Travis Black
Travis Black

Reputation: 715

Proper way to do bitwise difference? (python 2.7)

I am storing sets of values as python long integers, in the form of distinct 2**i sums, because python allows bitwise operations on it's integers. For many of my programs this is much faster than using data structures.

I often find myself wanting to take the difference of two bitwise values.

Example:

Let's say I have two values, represented by 2 and 4. By union they form a set, the value 6. (110) I then have a second set, decimal value 10(binary 1010), which is 2 and 8.

I want to find the value that is in the first set, and not in the second set. If I was using set structures, I would take set difference. But I am using integers. If I try to do difference, it won't work (it would be -4).

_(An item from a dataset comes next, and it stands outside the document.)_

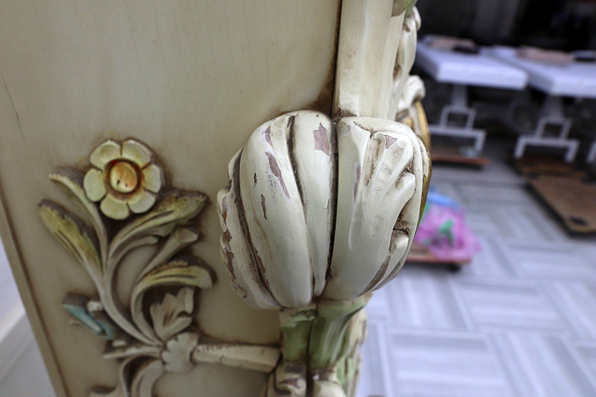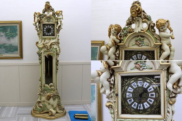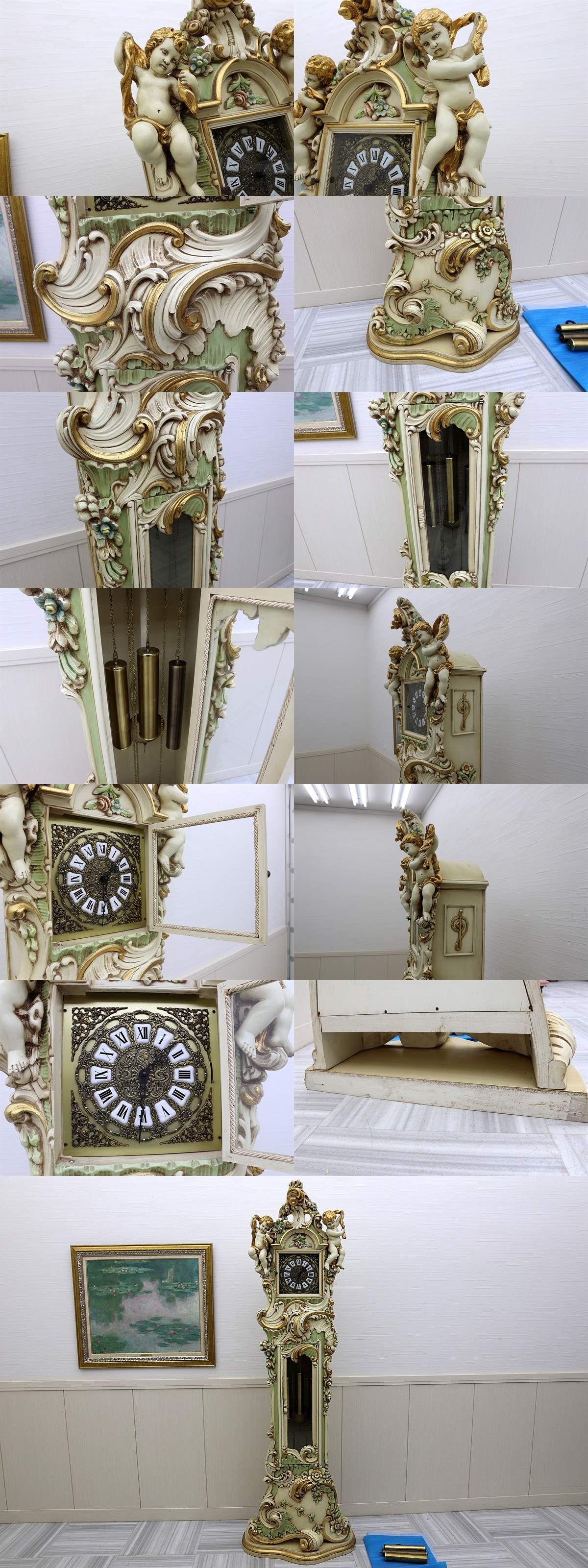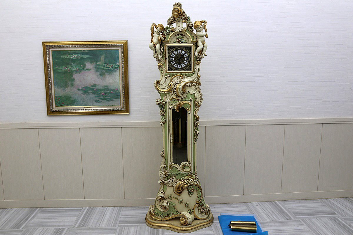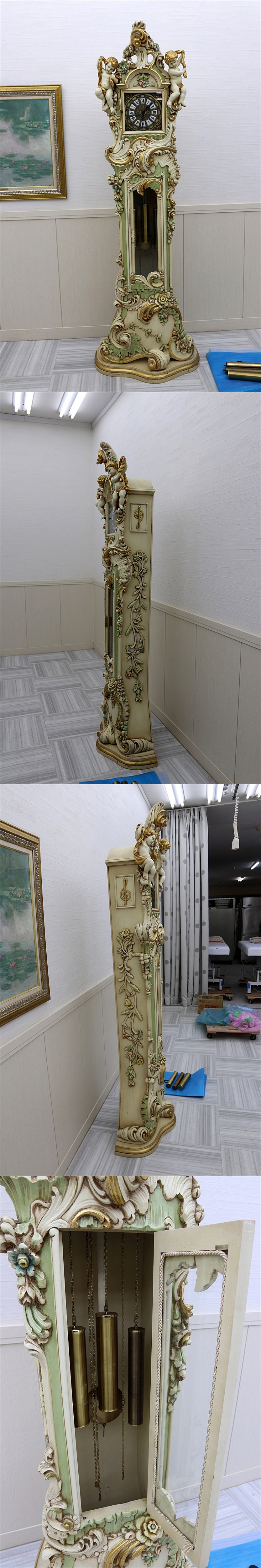 | ★ご覧いただき誠にありがとうございます★ ◆マリオ・コルチャゴ(Mario Colciago) マリオ・コルチャゴ(現在はフラテッリ・オリッジに名称変更)は、シリックと並びロココ調家具、エレガンス家具、姫家具分野では圧倒的人気を誇るブランドです。シリックよりもはるかに歴史が長く200年以上にもわたって存続しています。プロの家具職人たちの手による、オールハンドメイドの家具は大使館や王室に用いられることも多く、イタリアらしいエレガントさと高い品質により、世界中のセレブから絶大な支持を得ているイタリアの最高級家具ブランドです。 ◆イタリアが誇るクラシック家具の最高峰Mario Colciag(マリオ・コルチャゴ)による、ドイツ製HERMLE(ヘルムレ社)のムーブメントを使用したホールクロックの出品です。 優美な手掘り彫刻が魅力的な逸品!熟練の職人により生み出される彫刻は格調高い荘重な雰囲気を演出します。 ワンランク上の玄関ホールやリビングに、本格派ヨーロッピアンクラシズムの高級感溢れる立派なホールクロックを、是非、この機会にどうぞご検討下さい! ◆商品状態 アンティーク家具としての状態は良好ですが、経年による塗装の剥がれひび割れ等、確認できます。 元々コルチャゴはクラシックファニチャーですので違和感はございませが、新しいお品をお求めの方はご注意下さい。経年の使用感、塗装剥げ、キズなどヴィンテージならではの風合いと考えております。 動作に関しましては、現地で問題なく動いておりましたが古いお品です。誤差等含め、メンテナンスを前提とした現状出品(保証なし)といたしますので、ご理解の程宜しくお願い致します。 デジタルでは絶対に出ないキレイな音色を奏でております。よろしければ動画→こちらからをご確認ください。 当店の商品はすべて専門スタッフがクリーニングを行っております。大変希少な、マリオ・コルチャゴ、アンティーク ホールクロックをご検討下さい! ■サイズ:約-横幅-69×奥行-34×高さ-209cm ● コンディションランク【C】 【New】 新品未開封 【SS】 在庫未使用(開封品) 【S】 中古極美品(使用が殆どなく、未使用品に近い極めてきれいな商品) 【A】 中古きれい(使用回数が少なく、大変きれいな商品) 【B】 中古ふつう(通常にある程度使用された商品) 【C】 中古使い込んでいる(キズや汚れが目立つがまだまだ使える商品) 【N】 中古難アリ(付属品の欠品が多い、または一部動作しないところがある) 【J】 ジャンク(故障している商品、部品取りなどにご利用ください) ●あとはすべて写真にてご審査願います。写真には写りきらない、よごれやダメージ、詳細部分の、記載ミスなどがもしあっても、その旨のクレームはご勘弁下さい。上記内容をご理解頂き、ノークレーム・ノーリターンでお願いいたしいます。 |

As of now, I find myself doing value1 - (value1&value2). This requires two separate operations to find the difference. Is there a way I can take advantage of what python offers to quickly do this in one operation instead of two?

Upvotes: 4

Views: 3982

Answers (2)

abarnert
abarnert

Reputation: 365945

Set difference B-A is just the intersection of B and the complement of A.

And, while there's no bitwise difference operator, there are bitwise intersection (&) and bitwise complement (~) operators. So:

b_minus_a = b & ~a

Or, using your example:

>>> b, a = 0b110, 0b1010
>>> b & ~a
4
>>> bin(_)
0b100

You can of course wrap this up in a function:

def bitsetdiff(b, a):
    return b & ~a

But if you're going to be doing a lot of this kind of stuff, and bitwise operations don't come naturally to you, you may want to search PyPI for libraries for bit set and bitset, which will give you an object that acts like a set of boolean values, but is stored as (and can be efficiently converted to and from) an integer.

I chose intbitset because it looks promising:

>>> b = intbitset([2, 4])
>>> a = intbitset([2, 8])
>>> b - a
intbitset([4])

Just like using sets. But I don't see any obvious way to access the value as one big integer. There might be other libraries that fit your needs better; I only picked one after a quick scan.

Upvotes: 9

Tim Peters
Tim Peters

Reputation: 70715

Not in one operation, but you should stick to bit operations (not + or -). If you want the bits in value1 not in value2, the ordinary way to spell that is

value1 & ~value2

That is, the intersection of value1 with the complement of value2 (note that the unary prefix operator there is ~, not -).